Task objective: What you produce should be the lines from the line containing "The German silver" through the last line below, both ends included, reproduced exactly and without pictures.

[Items from a data source]
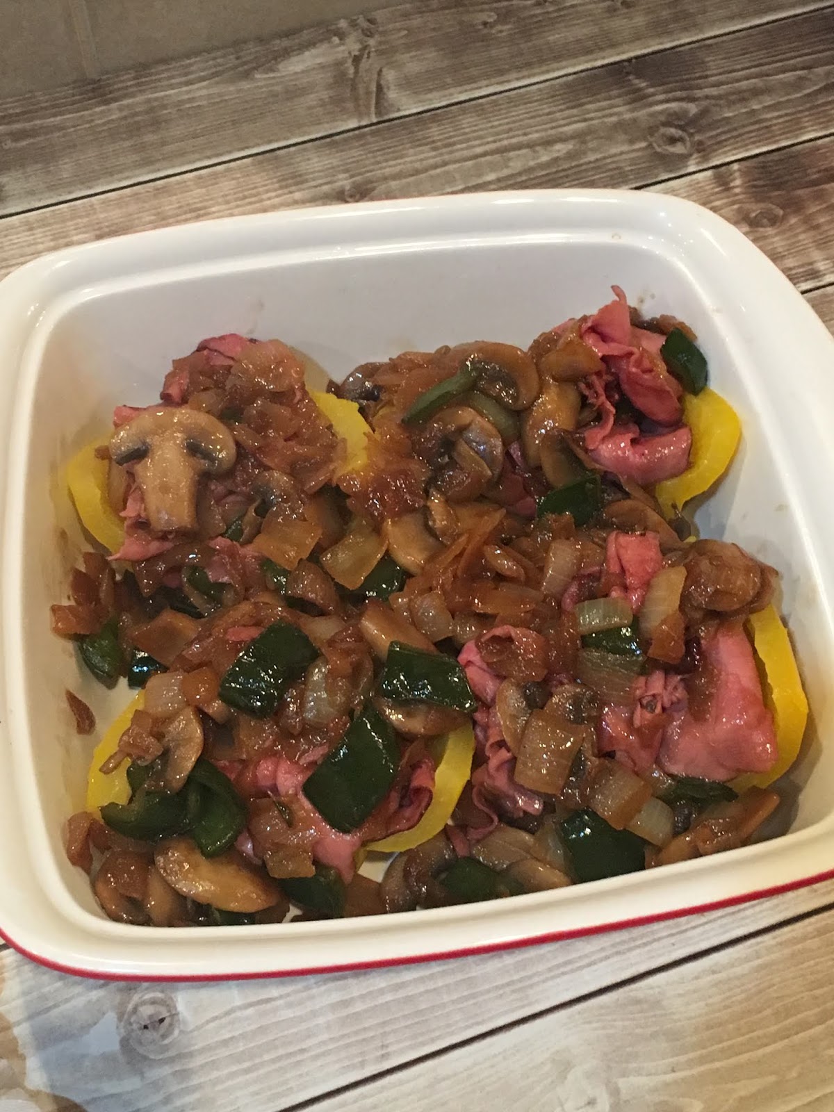 8 oz roast beef lunch meat (you don’t want to cook this for too long at this step because it’s also going to be in the oven for a while)
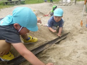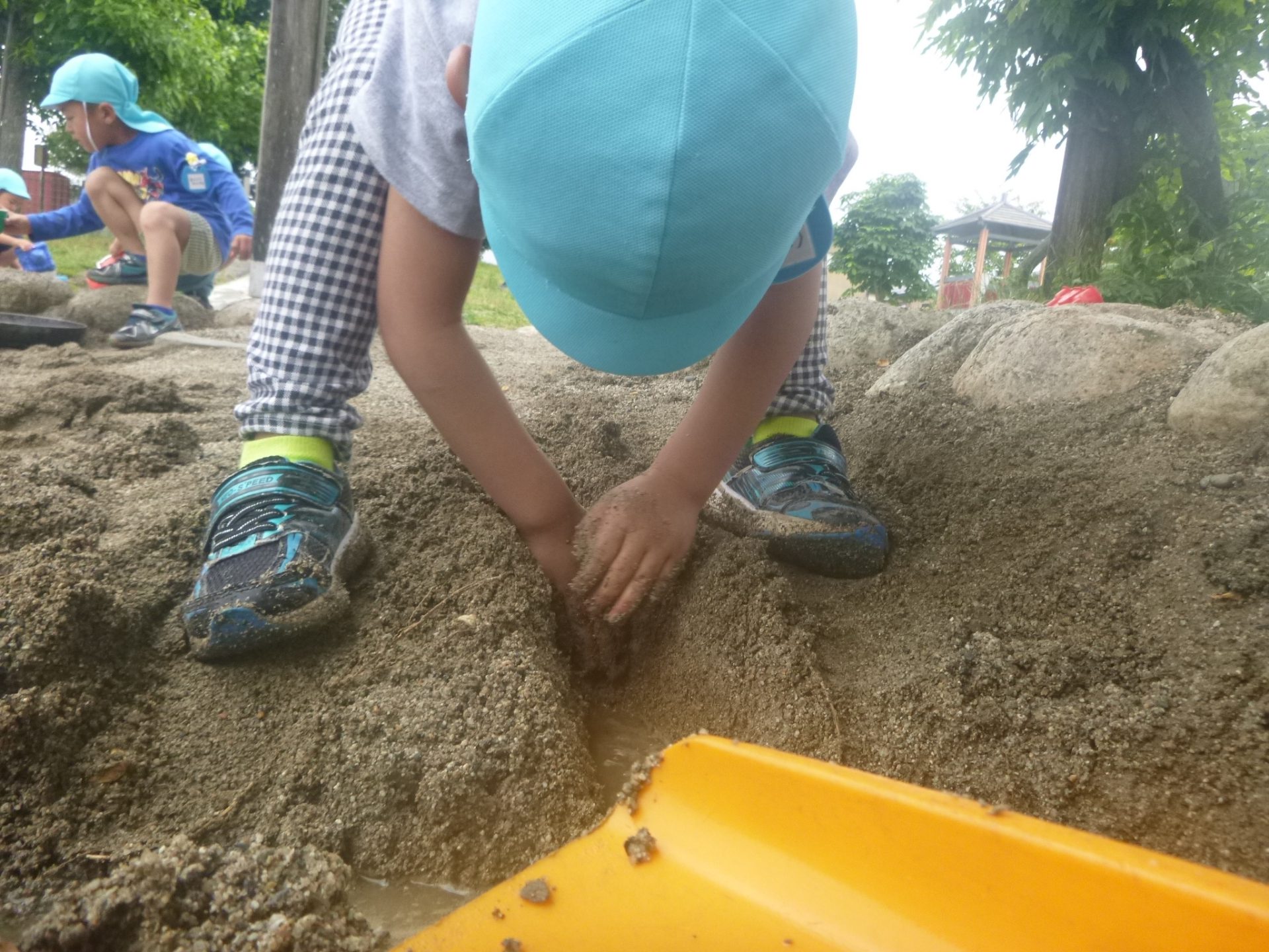 雨上がりの砂場は最高の遊び場。「ぼくたちのまちを作るんだ!」みんな張り切っています。
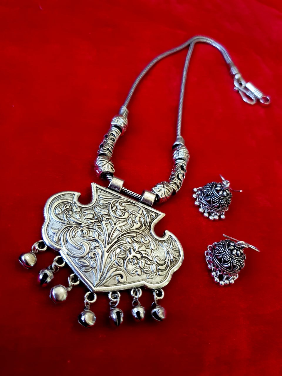 The German silver plating used when combined with the design gives a uniquely traditional look to the jewelry set.
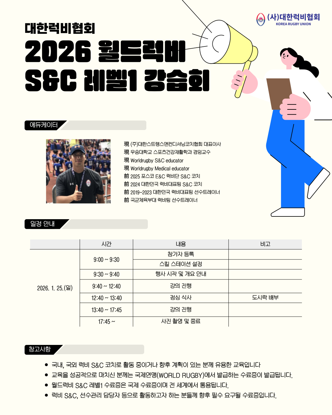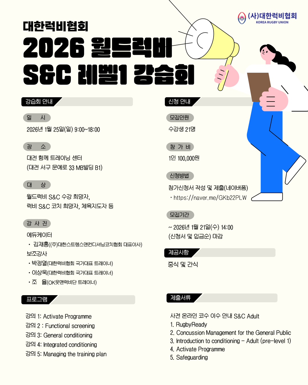 - 신청 링크: 2026 월드럭비 S&C 레벨1 강습회 - 네이버 폼
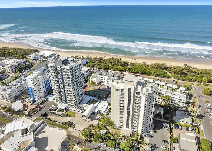Leisure amenities include two heated swimming pools, a sauna, a spa, and tennis courts, alongside a covered BBQ area. Guests can enjoy direct access to Maroochydore's family-friendly patrolled beach from the resort.
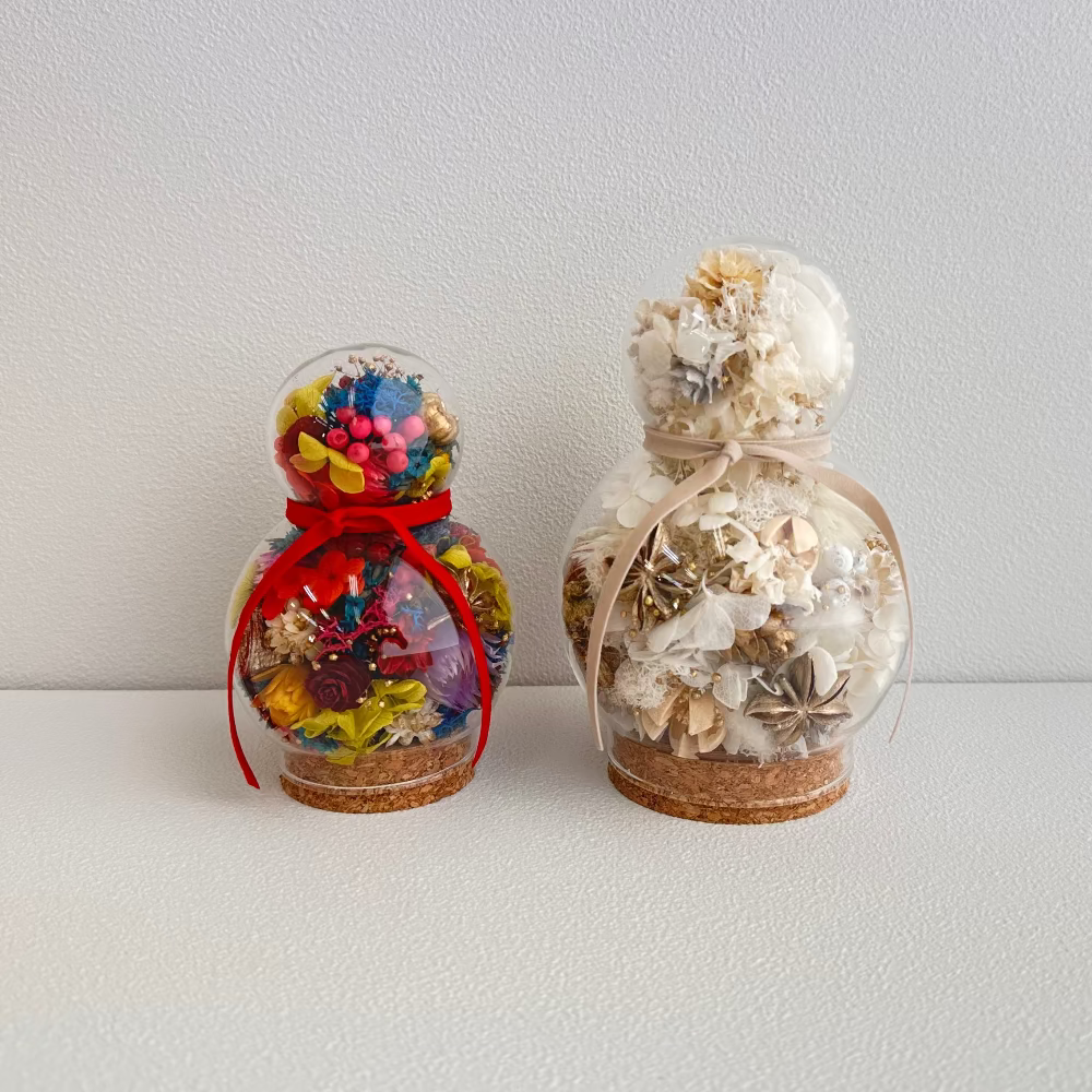 ガラスボトルの中に、数種類のドライフラワーや木の実、クリスマス飾りを入れた、ボトルフラワー。

Written answer:
 The German silver plating used when combined with the design gives a uniquely traditional look to the jewelry set.
 - 신청 링크: 2026 월드럭비 S&C 레벨1 강습회 - 네이버 폼
Leisure amenities include two heated swimming pools, a sauna, a spa, and tennis courts, alongside a covered BBQ area. Guests can enjoy direct access to Maroochydore's family-friendly patrolled beach from the resort.
 ガラスボトルの中に、数種類のドライフラワーや木の実、クリスマス飾りを入れた、ボトルフラワー。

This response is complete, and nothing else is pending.